I expected to do this test and write an article showing the how awesomely fast the new IL2CPP scripting backend in Unity 4.6.2 and 5.0 is. Unfortunately, the results I’m seeing are quite the opposite. I don’t know why that is, either. If you do, please let me know in the comments.

UPDATE

Thanks to Ralph Hauwert in the comments, part of the reason for the slowdown has been discovered. It turns out that you need to explicitly set Xcode to make a release build, even when “Development Build” has not been checked in the Unity build settings. To do so, click the name of the project, choose “Edit Scheme…”, and change “Build Configuration” to “Release”. By the way, I built the test using Xcode 6.2 on Mac OS X 10.10.2.

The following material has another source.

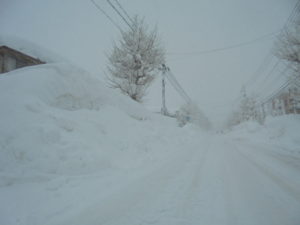 (自宅前。降雪+除雪で2m以上の壁に。というかもう山)

Here are the updated results:

Test Mono Time IL2CPP Time (Debug) IL2CPP Time Change (Debug) IL2CPP Time (Release) IL2CPP Time Change (Release)
BinaryTrees 439.3529 360.2 81.98% 266.875 60.74%
chameneosredux 1786 206821.3 11580.14% 116754.1 6537.18%
FannkuchRedux 4650.824 26470.4 569.16% 5289.5 113.73%
Fasta 711.2941 3508 493.19% 2421.375 340.42%
FastaRedux 573.5883 4176.9 728.21% 3252.625 567.07%
knucleotide 18.76471 23.4 124.70% 19.375 103.25%
MandelBrot 88.11765 157.4 178.62% 99.625 113.06%
NBody 2210.294 4245 192.06% 1053.25 47.65%
regexdna 11.35294 13.5 118.91% 13.125 115.61%
revcomp 0.05882353 0 0.00% 0 0.00%
SpectralNorm 480.4706 866.1 180.26% 250.5 52.14%

Mono vs. IL2CPP Performance Graph (release, all)

Mono vs. IL2CPP Performance Graph (release, no chameneosredux)

Mono vs. IL2CPP Performance Graph (release, no chameneosredux or fasta)

IL2CPP in release mode is indeed much faster than in debug mode, as is to be expected. chameneosredux, fasta, and fastaredux remain ludicrously slow at 3x-64x slower than Mono, but the rest are much quicker. knucleotide is almost exactly the same speed as Mono. FannkuchRedux, MandleBrot, and regexdna are only about 10-15% slower.

But there are some bright spots with release mode, too. BinaryTrees, NBody, and SpectralNorm are all about twice as fast with IL2CPP as with Mono. revcomp remains unmeasurably fast whereas with Mono it registered an occasional millisecond of time.

Given that the performance can vary from wildly slower to wildly faster when switching to IL2CPP, the performance you ultimately see will depend highly on the kind of code your app has. Don’t simply assume that your app will see an across-the-board speedup though.

If you’ve seen a significant speedup or slowdown in your real-world code, especially particular kinds of code, I’d be really interested to hear about it in the comments.